Woman ordered held without bail for deadly crash in Windsor Hills
A nurse accused of speeding into a Windsor Hills intersection and causing a collision that killed five people and an unborn baby was ordered Monday to remain jailed without bail.
Superior Court Judge Victoria B. Wilson said Nicole Lorraine Linton, 37, allegedly floored the gas pedal in her car and was driving at 130 mph just before the deadly crash Aug. 4 at La Brea and Slauson avenues and did not try to stop or slow down, with six people suffering “horrific deaths.”
Linton’s attorney, Halim Dhanidina, had asked the judge to allow Linton to be released to a mental health treatment facility and be electronically monitored, saying that the defendant wouldn’t be able to get up and leave.
Prosecutors objected to the request, with Deputy District Attorney Antonella Nistorescu telling the judge that a data recorder from Linton’s Mercedes-Benz indicated that she accelerated from 122 mph to 130 mph five seconds before the deadly crash and that she maintained control of the steering wheel. The prosecutor said the defense’s suggestion that she suffered an “apparent lapse of consciousness” during a mental health crisis in the moments leading up to the crash “defies logic.”
Linton, a traveling nurse from Houston who was working at Kaiser Permanente West Los Angeles Medical Center, is charged with six counts of murder and five counts of vehicular manslaughter with gross negligence.
“She stole six innocent lives,” the judge said, in turning down the defense’s request for Linton to be moved from a Los Angeles County jail.
Family members of the victims clapped in court upon hearing the judge’s decision.
Linton is accused of speeding her Mercedes into the intersection of La Brea and Slauson about 1:40 that afternoon, broadsiding a vehicle and causing a chain-reaction that killed 23-year-old Asherey Ryan of Los Angeles, who relatives said was 8 1/2 months pregnant.
Her unborn child, Armani Lester, died in the crash and is considered a victim, along with Ryan’s 11-month-old son Alonzo Quintero and 24-year-old boyfriend, Reynold Lester of Los Angeles.
They were all in one car, traveling to a prenatal doctor’s appointment for Ryan, relatives said.
Also killed in the crash were Nathesia Lewis, 43, and her friend, 38-year-old Lynette Noble, who were in another car.
Eight other people were injured.
Linton was hospitalized after the deadly crash, but survived.
She was brought into the downtown Los Angeles courtroom in a wheelchair for her first two court appearances, but walked in using a crutch at the latest hearing.
In court papers filed last month, defense attorneys noted that Linton — now an unemployed nurse — was willing to be housed at UCLA Resnick Neuropsychiatric Hospital pending the outcome of the proceedings in her case.
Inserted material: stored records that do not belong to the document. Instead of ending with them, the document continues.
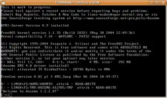 O DOSEMU é um utilitário que permite executar, num ambiente Linux, software que só é executável em MS-DOS ou Microsoft Windows até à versão 3.1. O DOSEMU - de que pode ser feito o download a partir de www.dosemu.org - traz consigo uma versão de DOS chamada FreeDOS que pode suprir as necessidades mais básicas ou resolver o problema de quem não tem uma versão do MS-DOS ou mesmo do DR-DOS. Existem várias formas de instalá-lo e configurá-lo. Aqui vamos propor-te uma solução simples e eficaz, que passa pela criação de um directório ~/dos - assim, no teu directório home - que vai “fingir ser” a unidade C:. Esta solução pode não funcionar com algumas distribuições como a Debian, mas funcionará com as mais comerciais. Vamos então aos passos necessários:
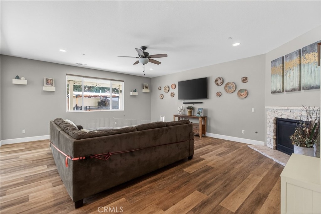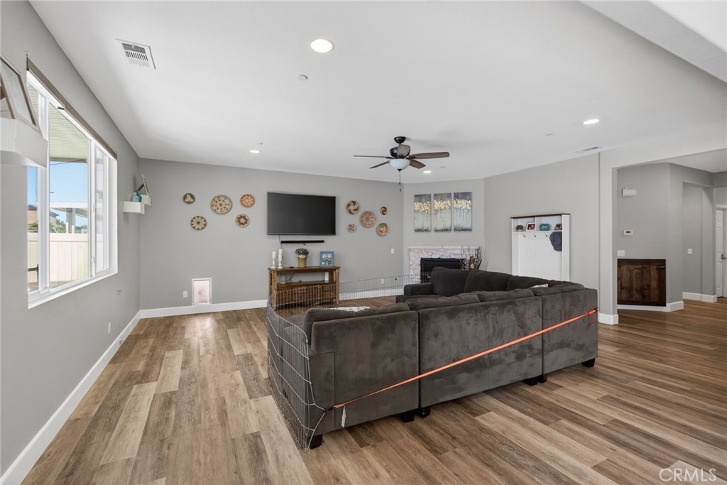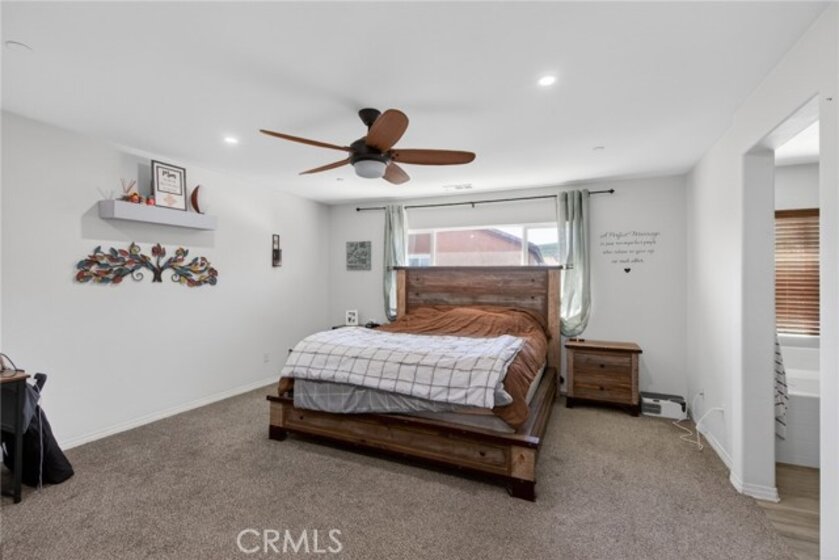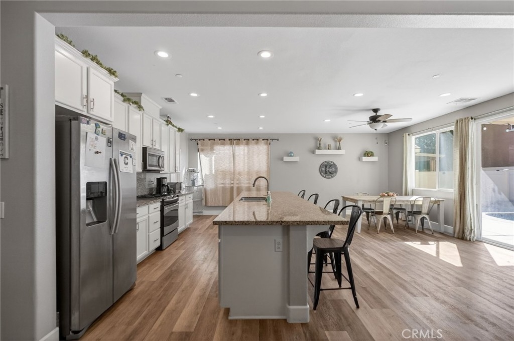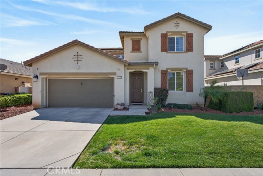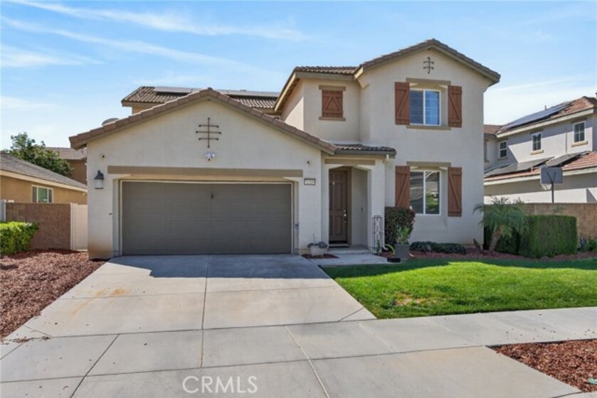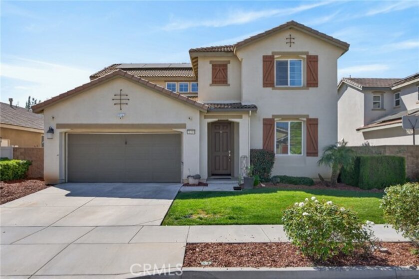 Beautiful turnkey 5-bedroom, 3-bath home with an ideal floor plan including a full bedroom and bathroom downstairs—perfect for guests, multi-generational living, or a home office. The heart of the home is the spacious open kitchen that flows seamlessly into the living and dining areas, creating a bright and welcoming space for everyday living and entertaining. Pride of ownership shows throughout this well-cared-for home. Step outside to your private backyard oasis featuring a newer pool and spa, along with a built-in BBQ island and smoker—an ideal setup for relaxing weekends and hosting friends and family. Additional highlights include an oversized 2-car garage, solar system to be paid off in escrow, and a low HOA. Move-in ready and thoughtfully maintained, this home offers comfort, functionality, and great mojo all in one. A rare opportunity to own a home that truly has it all.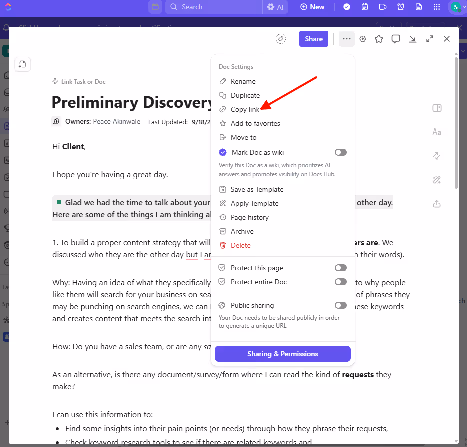 It lives alongside your tasks, and you can create SOPs, client documentation, meeting notes/summaries, and any type of knowledge bases in Docs, then link them to related tasks. For example, I created this doc, and I can easily copy the link and attach it to any task, other docs, and even knowledge bases.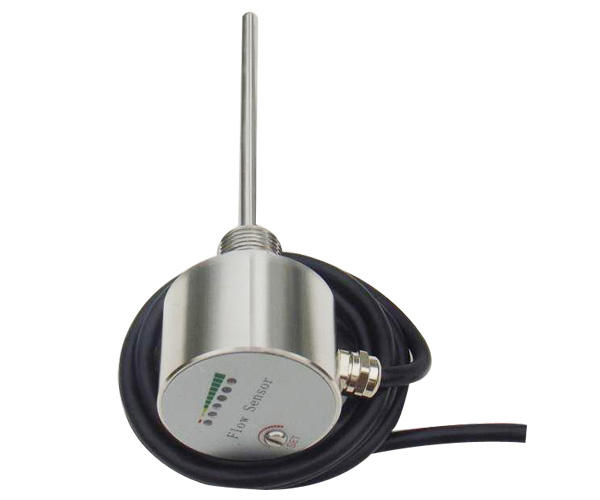 DX-600系列热导式流量开关是基于热交换原理设计的。探头内置发热模块及感热模块,流量开关的热传导同介质的流速密切相关,测量时,由发热模块发出热量,如果管道内没有介质流动,则感热模块接收到的热量是一个固定值,当有介质流动时,感热模块所接收到的热量将随介质的流速变化而变化,感热模块将这温差信号转化成电信号,再通过处理器将其转换为对应的标准模拟量信号或接点信号输出,流量开关通过这个信号对介质的流速进行显示及控制。
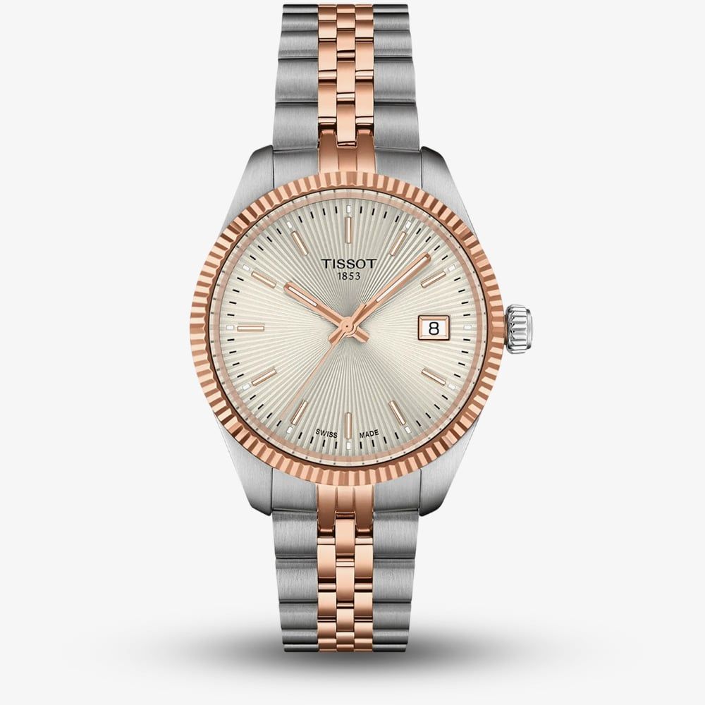The Tissot Ladies Ballade Two-Tone Silver and Rose Gold Bracelet Watch radiates timeless sophistication. Its silver guilloché dial with sunbeam rays beautifully reflects light, while the fluted rose gold bezel and two-tone stainless steel bracelet with rose gold PVD accents add elegance and warmth. Featuring Super-LumiNova® hands and hour markers for enhanced readability and a practical date window, this watch perfectly blends classic design with modern functionality, making it ideal for everyday wear or special occasions.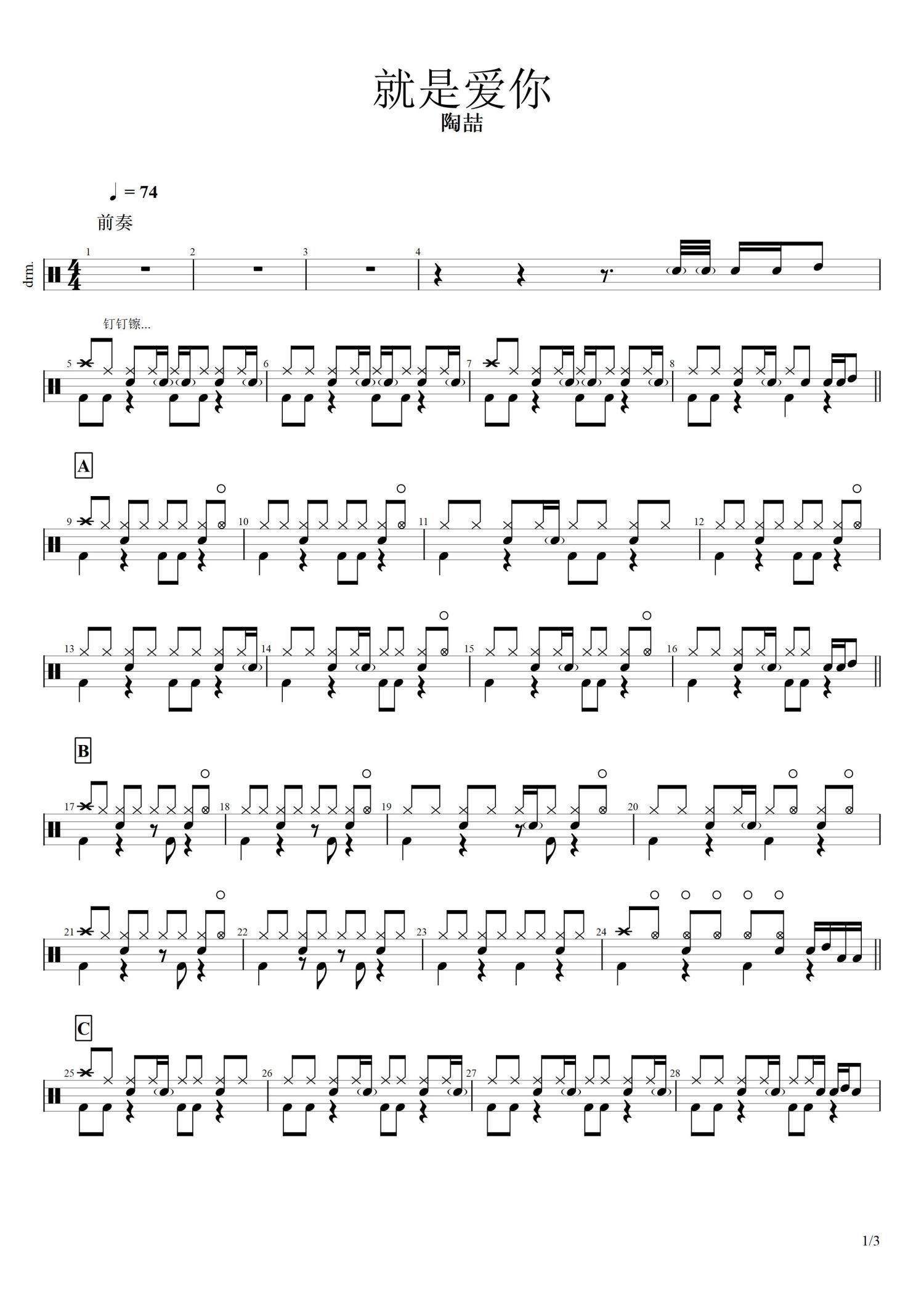 • 就是爱你鼓谱 - 陶喆 - 架子鼓谱第1张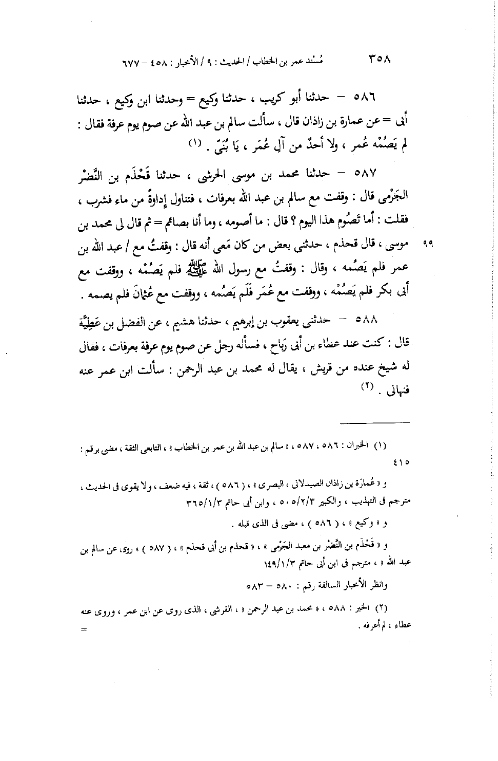 587 - حَدَّثَنَا مُحَمَّدُ بْنُ مُوسَى الْحَرَشِيُّ، حَدَّثَنَا قَحْذَمُ بْنُ النَّضْرِ الْجَرْمِيُّ، قَالَ: وَقَفْتُ مَعَ سَالِمِ بْنِ عَبْدِ اللَّهِ بِعَرَفَاتٍ، فَتَنَاوَلَ إِدَاوَةً مِنْ مَاءٍ فَشَرِبَ، فَقُلْتُ: أَمَا تَصُومُ هَذَا الْيَوْمَ؟ قَالَ: مَا أَصُومُهُ، وَمَا أَنَا بِصَائِمٍ. ثُمَّ قَالَ لِي مُحَمَّدُ بْنُ مُوسَى: قَالَ قَحْذَمٌ: حَدَّثَنِي بَعْضُ مَنْ كَانَ مَعِي أَنَّهُ قَالَ: " §وَقَفْتُ مَعَ عَبْدِ اللَّهِ بْنِ عُمَرَ فَلَمْ يَصُمْهُ، وَقَالَ: وَقَفْتُ مَعَ رَسُولِ اللَّهِ صَلَّى اللهُ عَلَيْهِ وَسَلَّمَ فَلَمْ يَصُمْهُ، وَوَقَفْتُ مَعَ أَبِي بَكْرٍ فَلَمْ يَصُمْهُ، وَوَقَفْتُ مَعَ عُمَرَ فَلَمْ يَصُمْهُ، وَوَقَفَتْ مَعَ عُثْمَانَ فَلَمْ يَصُمْهُ "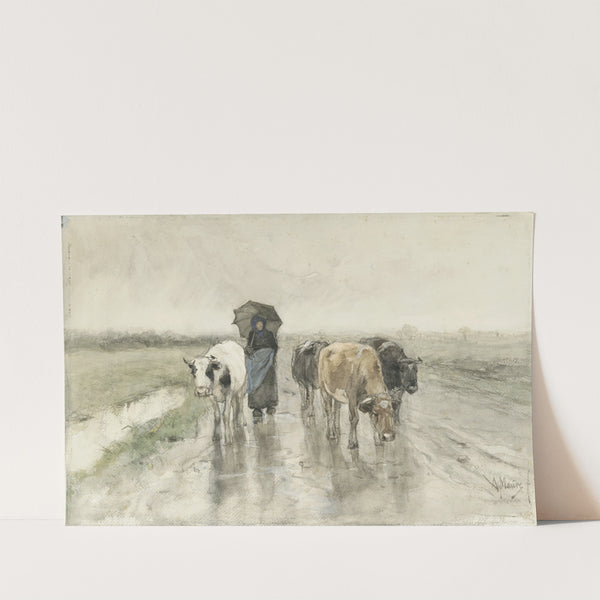 A Herdess with Cows on a Country Road in the Rain (1848 - 1888) by Anton Mauve - Wall Art Print

Her lawyers wrote in the filing that medical records from her treatment at the Ronald Reagan UCLA Medical Center immediately after the crash indicate that she has a “history of bipolar disorder.”
“While the District Attorney’s motion argues that Ms. Linton presents a risk to the public based on her ‘extremely reckless conduct combined with her mental health struggles,’ such risks would be abated if she were permitted to be housed in a mental health treatment facility where she would not have access to weapons, vehicles or other dangerous items and where she would be monitored and treated by mental health professionals,” Dhanidina and fellow defense attorney Jacqueline Sparagna wrote in their motion seeking to have Linton released on her own recognizance to the hospital.